It is also useful to have the errors normally distributed with constant variance in order to produce prediction intervals, but this is not necessary for forecasting.

Example: credit scores

All 500 observations of the credit score data are shown in the figure below.

Figure 5.2: Scatterplot matrix of the credit scores and the four predictors.

R code
pairs(credit[,-(4:5)], diag.panel=panel.hist)
#The panel.hist function is defined in help(pairs).

The top row shows the relationship between each predictor and credit score. While there appear to be some relationships here, particularly between credit score and income, the predictors are all highly skewed and the few outlying observations are making it hard to see what is going on in the bulk of the data.

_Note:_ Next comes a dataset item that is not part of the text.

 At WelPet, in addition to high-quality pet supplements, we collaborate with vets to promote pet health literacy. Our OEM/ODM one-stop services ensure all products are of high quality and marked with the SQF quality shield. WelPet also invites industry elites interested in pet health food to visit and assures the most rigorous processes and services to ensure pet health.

A way around this problem is to take transformations of the predictors. However, we cannot take logarithms of the predictors because they contain some zeros. Instead, we use the transformation $\log(x+1)$ where $x$ is the predictor value. That is, we add one to the value of the predictor and then take logarithms. This has a similar effect to taking logarithms but avoids the problem of zeros. It also has the neat side-effect of zeros on the original scale remaining zeros on the transformed scale. The scatterplot matrix showing the transformed data is shown below.

Figure 5.3: Scatterplot matrix of the credit scores and the four predictors, after transforming the four predictors using logarithms.

R code
creditlog <- data.frame(score=credit$score,
  log.savings=log(credit$savings+1),
  log.income=log(credit$income+1),
  log.address=log(credit$time.address+1),
  log.employed=log(credit$time.employed+1),
  fte=credit$fte, single=credit$single)
pairs(creditlog[,1:5],diag.panel=panel.hist)

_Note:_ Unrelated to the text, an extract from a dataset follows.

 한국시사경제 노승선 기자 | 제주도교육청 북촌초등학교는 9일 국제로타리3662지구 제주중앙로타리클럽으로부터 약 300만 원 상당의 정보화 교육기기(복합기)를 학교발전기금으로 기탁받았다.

Now the relationships between the variables are clearer, although there is a great deal of random variation present. We shall try fitting the following model: [ y = \beta_{0} + \beta_{1}x_{1} + \beta_{2}x_{2} + \beta_3x_3 + \beta_4x_4 + e, ] where

\begin{align*} y & = \text{credit score}, \\ x_{1} & = \text{log savings}, \\ x_{2} & = \text{log income}, \\ x_{3} & = \text{log time at current address},\\ x_4 &= \text{log time in current job},\\ e & = \text{error}. \end{align*}

Here "$\log$" means the transformation $\log(x+1)$.

Estimation of the model

The values of the coefficients $\beta_{0},\dots,\beta_{k}$ are obtained by finding the minimum sum of squares of the errors. That is, we find the values of $\beta_{0},\dots,\beta_{k}$ which minimize [ \sum_{i=1}^N e_{i}^2 = \sum_{i=1}^N (y_{i} - \beta_{0} - \beta_{1}x_{1,i} - \cdots - \beta_{k} x_{k,i})^2. ] This is called "least squares" estimation because it gives the least value of the sum of squared errors. In practice, the calculation is always done using a computer package. Finding the best estimates of the coefficients is often called "fitting" the model to the data.

When we refer to the estimated coefficients, we will use the notation $\hat\beta_{0},\dots,\hat\beta_{k}$. The equations for these will be given in Section 5/5.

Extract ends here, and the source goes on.